Après un mauvais rêve et des mises en garde multiples du « Protecteur », ce dernier tue sauvagement l’artiste, il arrache et récupère son cœur destiné à un repas « moralisateur » d’Agnès. Mais loin de s’effondrer, en le goûtant lors d’une table servie par son maître, Agnès dira que cet acte de dévorer, ne cesse de lui rappeler le goût du corps de l’artiste.
- Une nouveauté sonore.
De George Benjamin nous connaissions, en les appréciant, des œuvres déjà anciennes, « Ringed by the flat horizon », première composition (chronologiquement parlant). Ont suivi « Antara » commande de l’Ircam. Et de proposer divers l’Opée titres, liés à de multiples occasions dont une sollicitation du Festival d’Automne (2006). On le suit de loin à Salzbourg, aux Festivals de Tanglewood etc…dans de nombreux hauts lieux de musique.

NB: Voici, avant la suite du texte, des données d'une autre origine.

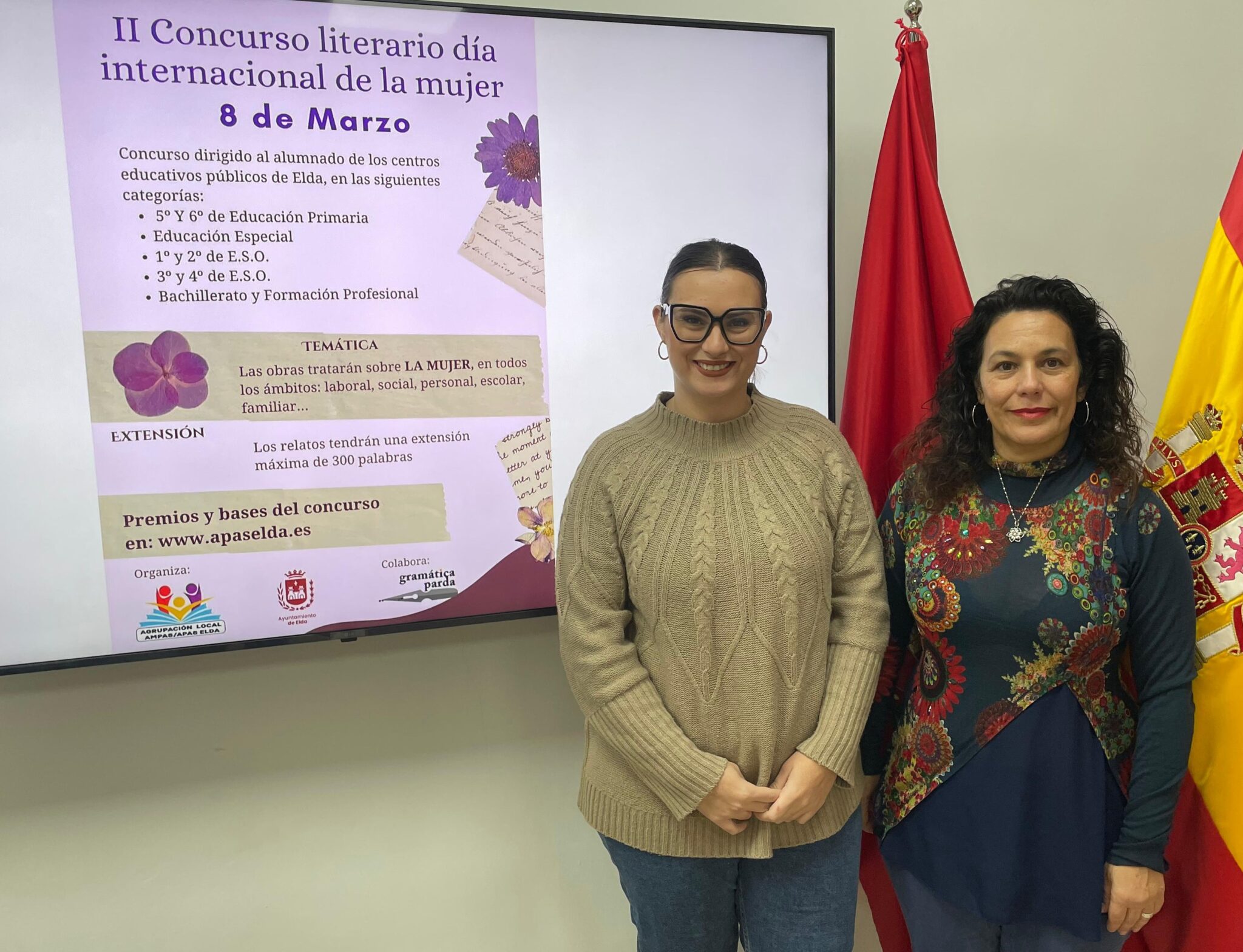 La Agrupación Local de Ampas de Elda y el Ayuntamiento de Elda, a través de las concejalías de Educación y de Igualdad, han puesto en marcha la segunda edición del Concurso Literario Día Internacional de la Mujer 8-M. El certamen ha sido presentado esta mañana por la concejala de ambas áreas, María Gisbert, y Belén Maestre, en representación de la Agrupación Local de Ampas.

G.Benjamin définit sa musique comme authentique et moderne. Grand admirateur de « Pelléas et Mélisande » de Claude Debussy et de « Wozzeck » d’Alban Berg, le compositeur fit du « Protecteur » un second Golaud, jaloux, meurtrier et mortifié d‘autant qu’à la fin il ne disposera de plus aucune prise sur Agnès qui se suicide. Cette mort et celle de l’artiste engendreront de nouveaux temps., de nouvelles moeurs ultérierement.
Le « Protecteur » est un sensationnel baryton, Christopher Purves, exhibant en permanence son pouvoir, sa possession de tout et simultanément sensible à l’artiste et à Agnès qu’il semble peu toucher. Cette dernière est la célèbre soprano canadienne Barbara Hannigan qui a chanté notamment dans « Passion » de Pascal Dusapin, l’une des dernières créations du musicien et dans « Correspondances » d’Henri Dutilleux, dernier cd paru du vivant du maître français.
Lestyn Davies contre-ténor est le séduisant garçon, l’artiste. « L’Orchestre Philarmonique » de Radio France est dirigé par le compositeur qui connaît tous les recoins et la transparence de sa partition. Loin de tout opéra « réaliste » l’œuvre est magique ; le Philar , cordes, bois, vents et instruments rares dont l’harmonica de verre, peut-être en hommage à Mozart. Plutôt génial mais lesté du péché d’être de la « musique contemporaine » !.
Claude Glayman
* Vu à l’Opéra Comique le 19 novembre. Spectacle commandé et réalisé en co-production avec l’Opéra Comique, le « Festival d’Automne » et celui d’Aix-en-Provence. Y rajouter « Covent Garden » Londres ; le « Nederlandse Opera d’Amsterdam » et le «Capitole de Toulouse.